→ Task goal: After locating the line with "會議通報了揚州市2021年度" in the entries below, output it and each following line up to and including the line with "2026 New Summer", exactly and without pictures.

→ Record extracts:

========================

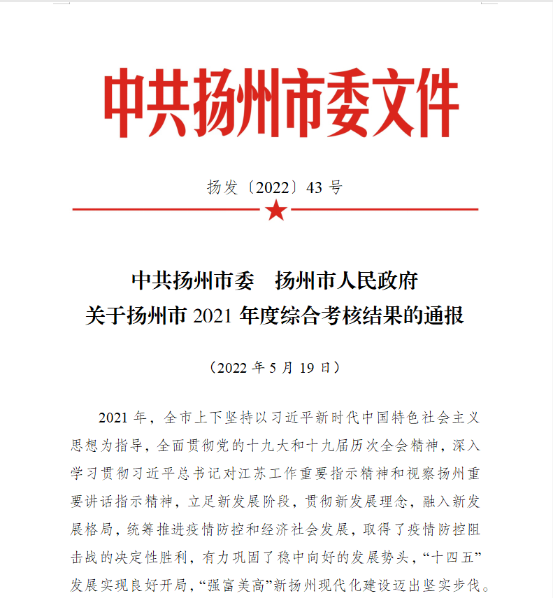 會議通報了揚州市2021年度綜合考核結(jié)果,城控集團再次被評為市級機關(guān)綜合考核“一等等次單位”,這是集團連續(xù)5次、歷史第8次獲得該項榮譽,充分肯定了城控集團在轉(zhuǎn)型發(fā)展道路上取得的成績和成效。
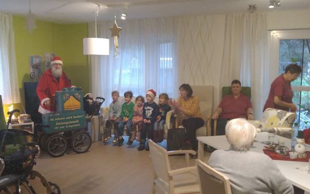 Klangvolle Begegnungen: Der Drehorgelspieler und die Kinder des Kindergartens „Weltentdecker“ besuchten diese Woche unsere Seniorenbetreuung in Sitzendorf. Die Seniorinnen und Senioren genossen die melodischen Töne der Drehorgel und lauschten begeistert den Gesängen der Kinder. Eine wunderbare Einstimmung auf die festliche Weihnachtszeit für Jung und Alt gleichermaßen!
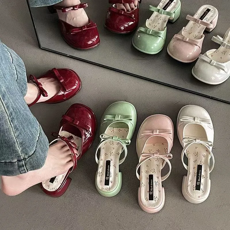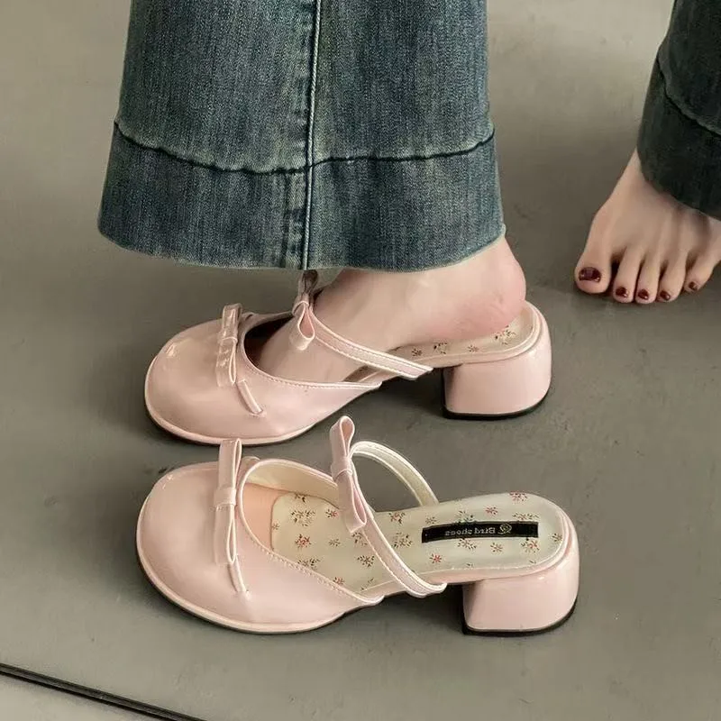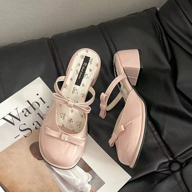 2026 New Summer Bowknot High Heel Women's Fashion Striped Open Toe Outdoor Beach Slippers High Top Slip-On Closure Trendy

========================

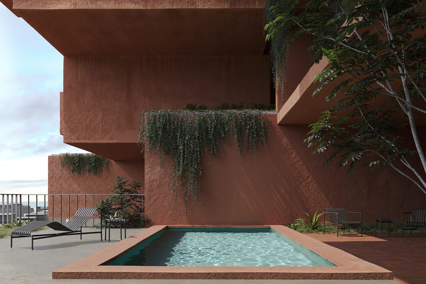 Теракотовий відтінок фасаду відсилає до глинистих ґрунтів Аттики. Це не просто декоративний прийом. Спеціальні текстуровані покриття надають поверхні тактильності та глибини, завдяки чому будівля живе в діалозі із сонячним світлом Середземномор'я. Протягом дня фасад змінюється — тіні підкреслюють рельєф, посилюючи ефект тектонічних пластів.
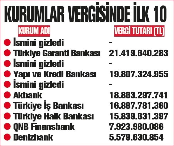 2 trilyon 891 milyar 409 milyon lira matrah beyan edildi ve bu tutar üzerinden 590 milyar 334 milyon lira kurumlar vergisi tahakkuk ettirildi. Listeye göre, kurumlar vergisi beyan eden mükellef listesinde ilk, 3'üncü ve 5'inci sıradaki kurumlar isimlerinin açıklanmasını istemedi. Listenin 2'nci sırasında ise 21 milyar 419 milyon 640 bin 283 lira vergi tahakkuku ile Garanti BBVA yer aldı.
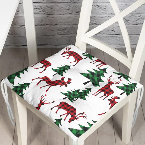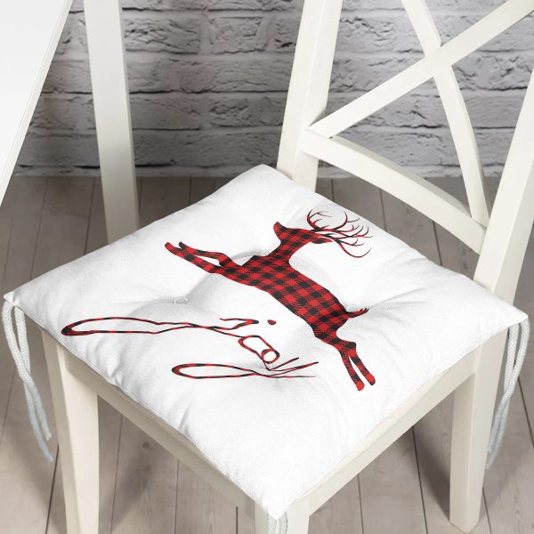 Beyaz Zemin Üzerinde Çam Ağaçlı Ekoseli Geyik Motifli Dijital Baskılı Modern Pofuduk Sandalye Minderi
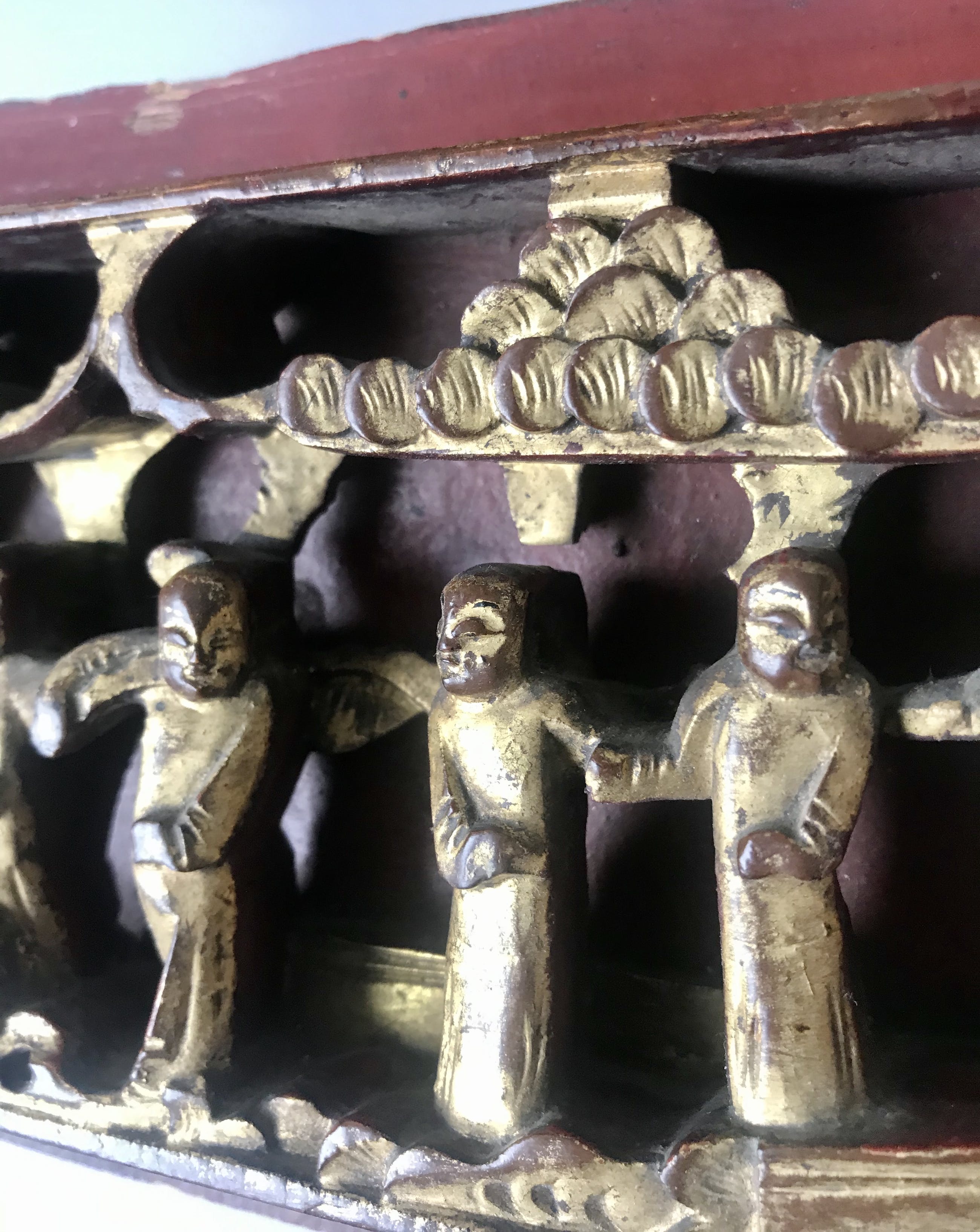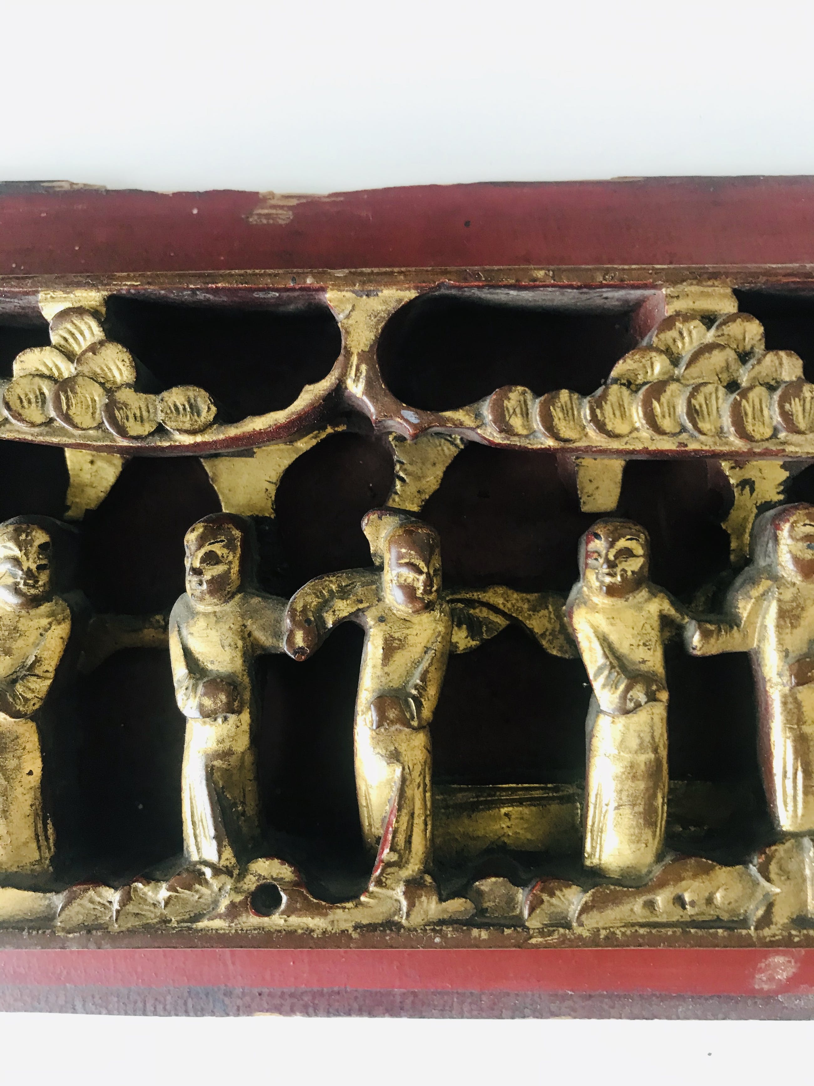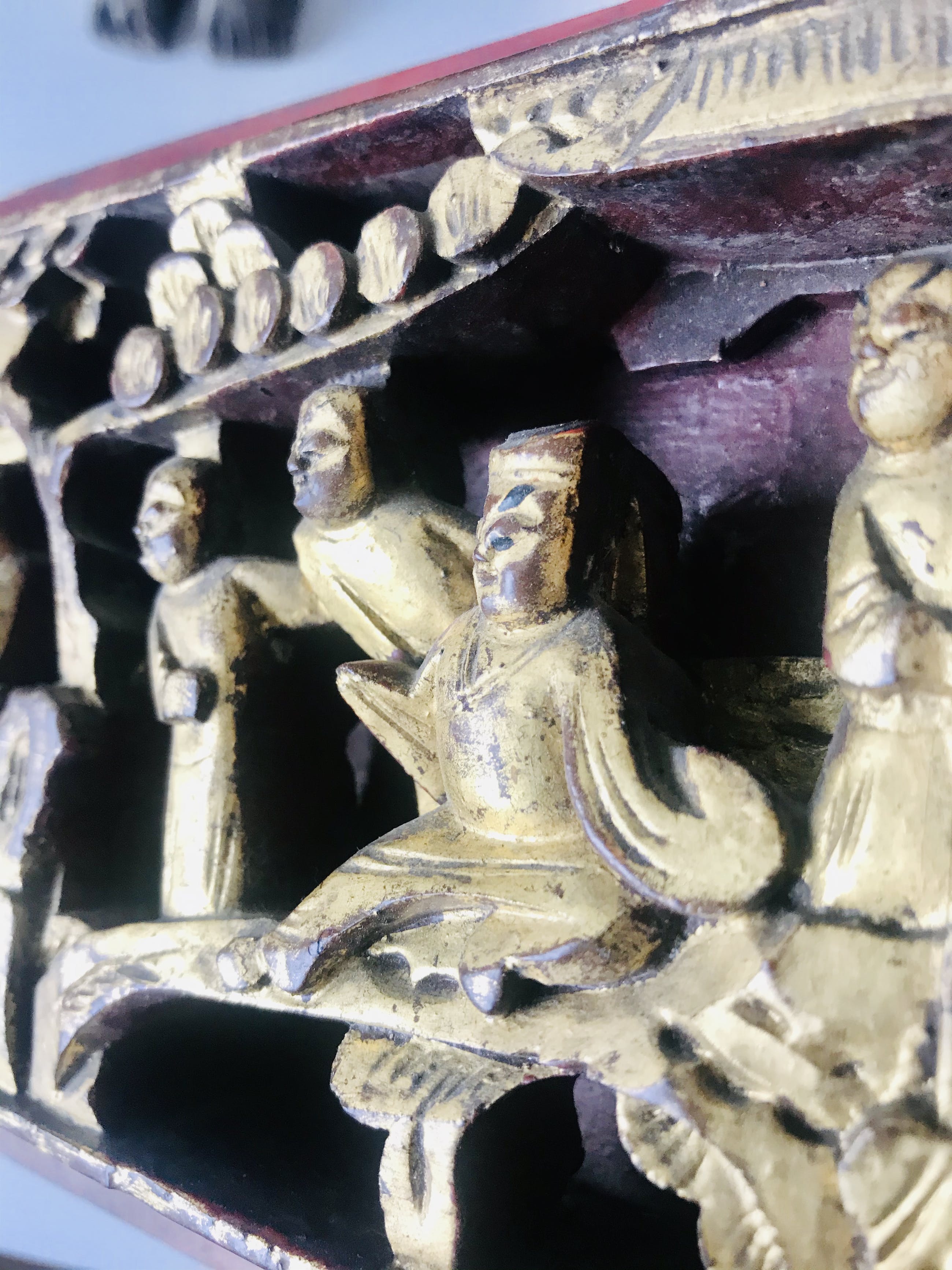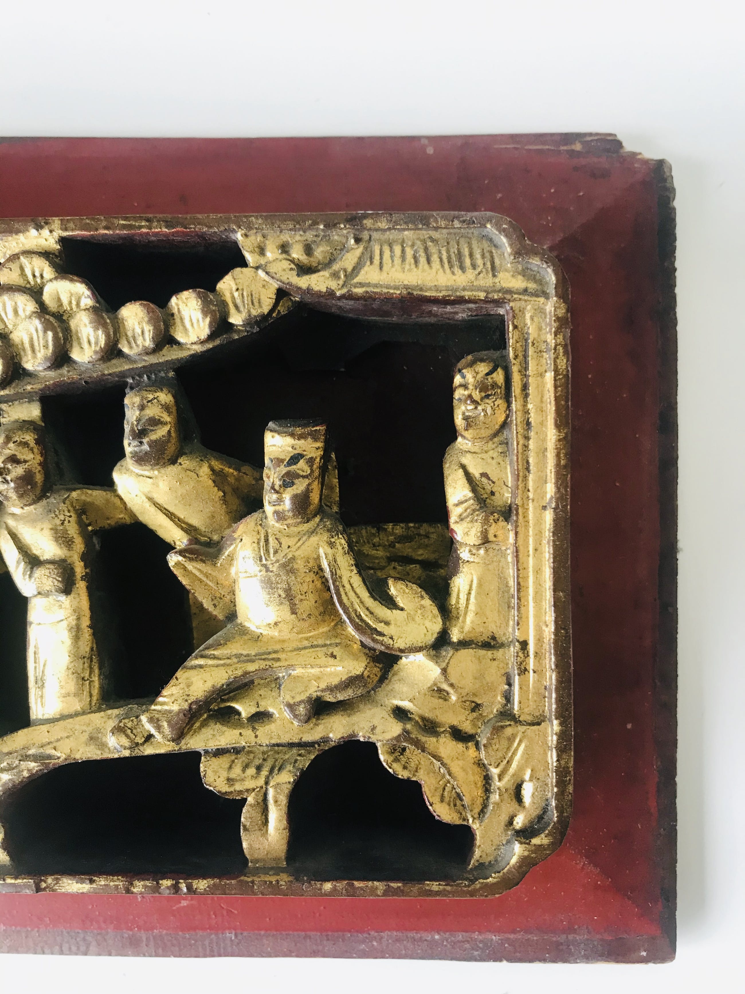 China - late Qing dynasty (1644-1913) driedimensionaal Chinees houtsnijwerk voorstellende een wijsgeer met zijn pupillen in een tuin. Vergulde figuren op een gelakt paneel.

========================

→ Reply:
 會議通報了揚州市2021年度綜合考核結(jié)果,城控集團再次被評為市級機關(guān)綜合考核“一等等次單位”,這是集團連續(xù)5次、歷史第8次獲得該項榮譽,充分肯定了城控集團在轉(zhuǎn)型發(fā)展道路上取得的成績和成效。
 Klangvolle Begegnungen: Der Drehorgelspieler und die Kinder des Kindergartens „Weltentdecker“ besuchten diese Woche unsere Seniorenbetreuung in Sitzendorf. Die Seniorinnen und Senioren genossen die melodischen Töne der Drehorgel und lauschten begeistert den Gesängen der Kinder. Eine wunderbare Einstimmung auf die festliche Weihnachtszeit für Jung und Alt gleichermaßen!
 2026 New Summer Bowknot High Heel Women's Fashion Striped Open Toe Outdoor Beach Slippers High Top Slip-On Closure Trendy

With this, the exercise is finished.